Because at least your two older children are old enough to understand this, and because they will notice changes, I would start by sitting everyone down and explaining this basic fact. Indicate that the family priority will be treating others with respect. Demonstrate what that means. Also say that requests made without respect / politeness won't be met.
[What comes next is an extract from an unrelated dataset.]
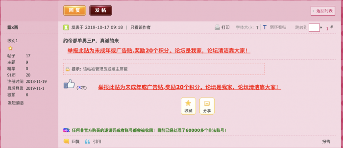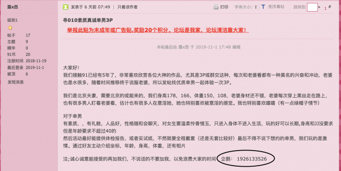 我暂时简单翻看了骗子在10月份的发帖纪录,一共有两个帖子,题目均为010寻单男。分别发布于10.17(内容已删): 。
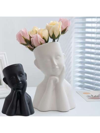 1pc Creative Ceramic Portrait Vase With Hand Supporting Chin Home Decor Room Decor Flower Vase Glass Vase - Black - View 1

Make sure you model treating others with respect -- your children (hard to remember!), the store clerk, the person who cut you off in traffic.... Everyone should be treated politely but firmly.
You are so right, I was not modeling that respect to my children. I hadn't realized how controling I had gotten with Isaiah. I had gotten so tired of the battles every day that I had started demanding before asking because i felt like it would turn into a battle either way. Just being aware helped so much today. I was careful to let Isaiah do things on his timeline instead of mine, and asked him if/when he would be willing to do requests instead of telling him they must be done. Sitting them down and spelling it out is important too, I will try to do that tomorrow.

Quote:
Originally Posted by Evan&Anna's_Mom View Post
Then, absolutely do not respond to rude, demanding requests. No matter what. Child makes demand, you say "Please say that respectfully." or "I will be happy to talk to you when you use a polite tone." or whatever you want to make your mantra. Do not give in!! If child screams and yells, ignore it. Starts hitting? Say "I will not let you hit me" and move -- to a room with a lock if necessary. Your children are old enough to know you aren't abandoning them forever, just moving to be safe. Honestly, by 4 I would have picked up child, carried them to their room and said "You are welcome to come back downstairs when you are calm" and walk out. Repeat as necessary. But not everyone is OK with that semi-timeout approach.
I don't completely disagree with you here, but I have found that my children seem to feel physical seclusion as a withdrawl of love. They totally freak at the idea of being forcefully separated from me. Plus there's the whole bedroom being upstairs near sleeping dh and upstair being mysteriously scary. Oi. It doesn't make sense to me cuz sometimes I just want to be away from everyone, they must get that from dh.

Quote:
Originally Posted by Evan&Anna's_Mom View Post
At the same time, when requests are phrased well, be sure to respond right away. Not "in a minute" (unless you are totally tied up (say, in the bathroom), then its "I'm in the bathroom, I'll be with you in a second". Remember to say "thank you for being respectful" when they are. Its really easy to put a child's request off until they get really demanding, thus training them to get demanding faster next time. Point out the people around you who are being polite and how nice it feels to help them.
Oh my gosh duh! I realized today that I do put him off every time he asks me to do or get something. It's always "in a minute" or "after such-and-such." Today I responded quickly to every polite request and he was so much more understanding the couple times I couldn't. I also thanked him when he was polite and he seemed happy with himself/ happy that I was noticing.